● Data supplied
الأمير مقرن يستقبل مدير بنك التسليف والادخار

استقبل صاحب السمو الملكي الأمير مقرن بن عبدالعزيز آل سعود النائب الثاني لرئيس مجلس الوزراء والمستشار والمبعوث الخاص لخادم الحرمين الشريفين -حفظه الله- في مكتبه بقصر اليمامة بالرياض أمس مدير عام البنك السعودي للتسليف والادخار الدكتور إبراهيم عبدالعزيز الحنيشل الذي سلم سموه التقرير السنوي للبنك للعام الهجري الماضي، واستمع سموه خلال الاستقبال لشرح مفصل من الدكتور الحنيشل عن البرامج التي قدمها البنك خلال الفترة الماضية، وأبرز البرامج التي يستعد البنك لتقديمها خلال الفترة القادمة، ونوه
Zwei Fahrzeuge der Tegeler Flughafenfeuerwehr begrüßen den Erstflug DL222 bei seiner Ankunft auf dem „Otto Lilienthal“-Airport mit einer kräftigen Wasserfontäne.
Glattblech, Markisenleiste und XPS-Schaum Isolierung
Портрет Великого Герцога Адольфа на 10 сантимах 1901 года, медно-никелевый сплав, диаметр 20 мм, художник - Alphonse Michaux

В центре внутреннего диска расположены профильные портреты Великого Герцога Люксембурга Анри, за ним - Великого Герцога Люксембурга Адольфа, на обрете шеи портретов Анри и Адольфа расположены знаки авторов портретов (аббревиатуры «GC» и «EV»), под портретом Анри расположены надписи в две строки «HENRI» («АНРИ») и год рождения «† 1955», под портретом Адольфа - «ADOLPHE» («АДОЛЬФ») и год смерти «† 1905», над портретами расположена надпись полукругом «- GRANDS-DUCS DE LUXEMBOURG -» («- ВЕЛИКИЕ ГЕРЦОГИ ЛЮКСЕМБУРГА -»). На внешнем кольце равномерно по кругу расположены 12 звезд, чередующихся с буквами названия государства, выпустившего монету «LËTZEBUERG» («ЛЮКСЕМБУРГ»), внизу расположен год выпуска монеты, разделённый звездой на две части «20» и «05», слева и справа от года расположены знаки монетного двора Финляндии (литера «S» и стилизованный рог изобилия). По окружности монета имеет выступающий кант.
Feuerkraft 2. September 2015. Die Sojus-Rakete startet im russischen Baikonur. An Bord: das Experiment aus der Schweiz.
...
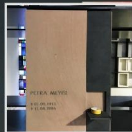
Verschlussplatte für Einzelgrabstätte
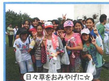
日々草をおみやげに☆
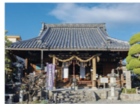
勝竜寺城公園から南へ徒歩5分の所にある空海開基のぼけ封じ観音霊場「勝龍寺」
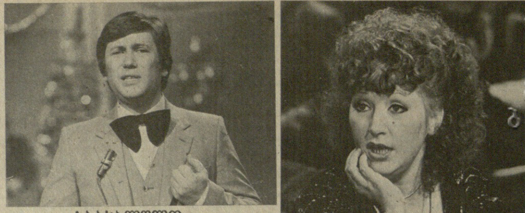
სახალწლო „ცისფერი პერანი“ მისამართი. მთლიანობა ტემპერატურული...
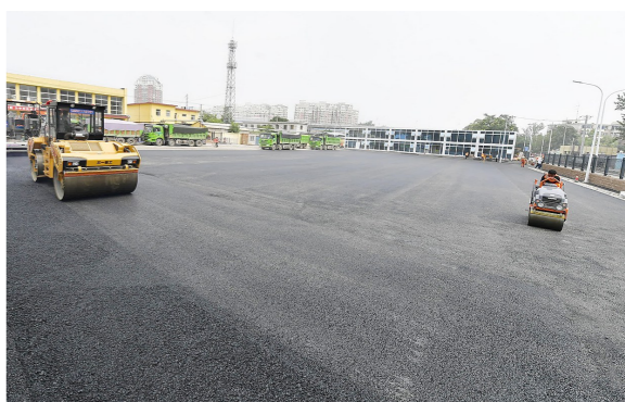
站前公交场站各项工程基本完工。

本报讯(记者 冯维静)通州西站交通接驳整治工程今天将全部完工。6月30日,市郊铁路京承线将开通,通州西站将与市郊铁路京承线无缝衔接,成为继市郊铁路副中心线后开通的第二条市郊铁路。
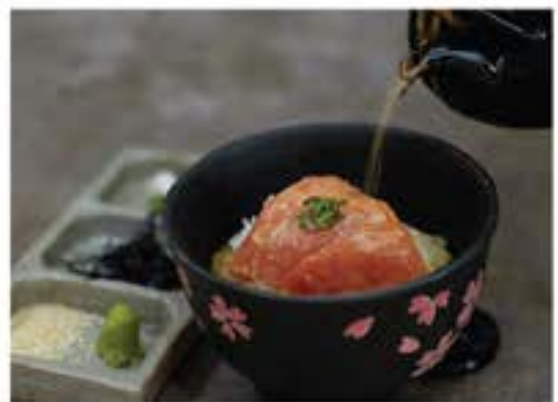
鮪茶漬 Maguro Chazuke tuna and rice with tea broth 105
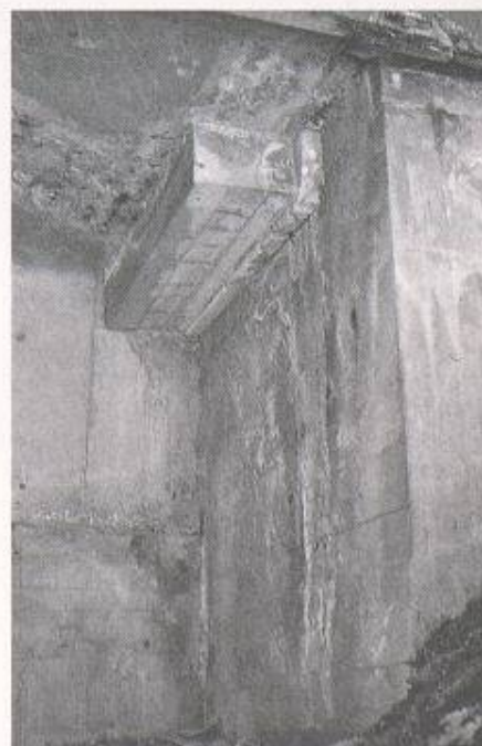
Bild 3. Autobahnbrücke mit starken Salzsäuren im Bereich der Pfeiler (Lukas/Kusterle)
--
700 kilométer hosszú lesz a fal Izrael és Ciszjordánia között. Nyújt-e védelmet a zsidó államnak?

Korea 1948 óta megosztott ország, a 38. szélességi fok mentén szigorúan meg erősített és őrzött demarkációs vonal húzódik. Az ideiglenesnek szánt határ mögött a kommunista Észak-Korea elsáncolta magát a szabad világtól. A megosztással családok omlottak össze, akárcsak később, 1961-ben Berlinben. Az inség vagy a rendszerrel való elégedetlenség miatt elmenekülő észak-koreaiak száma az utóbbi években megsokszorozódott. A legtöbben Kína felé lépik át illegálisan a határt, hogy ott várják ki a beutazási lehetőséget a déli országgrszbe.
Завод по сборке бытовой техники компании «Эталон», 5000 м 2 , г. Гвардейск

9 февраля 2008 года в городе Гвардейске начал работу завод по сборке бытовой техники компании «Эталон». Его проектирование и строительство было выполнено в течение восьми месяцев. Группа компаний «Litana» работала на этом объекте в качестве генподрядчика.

● What you are asked to do
Retype, exactly and in full, the lines above from the one containing "2 , г. Гвардейск" through the one containing "9 февраля 2008".

● Response to the exercise
Завод по сборке бытовой техники компании «Эталон», 5000 м 2 , г. Гвардейск

9 февраля 2008 года в городе Гвардейске начал работу завод по сборке бытовой техники компании «Эталон». Его проектирование и строительство было выполнено в течение восьми месяцев. Группа компаний «Litana» работала на этом объекте в качестве генподрядчика.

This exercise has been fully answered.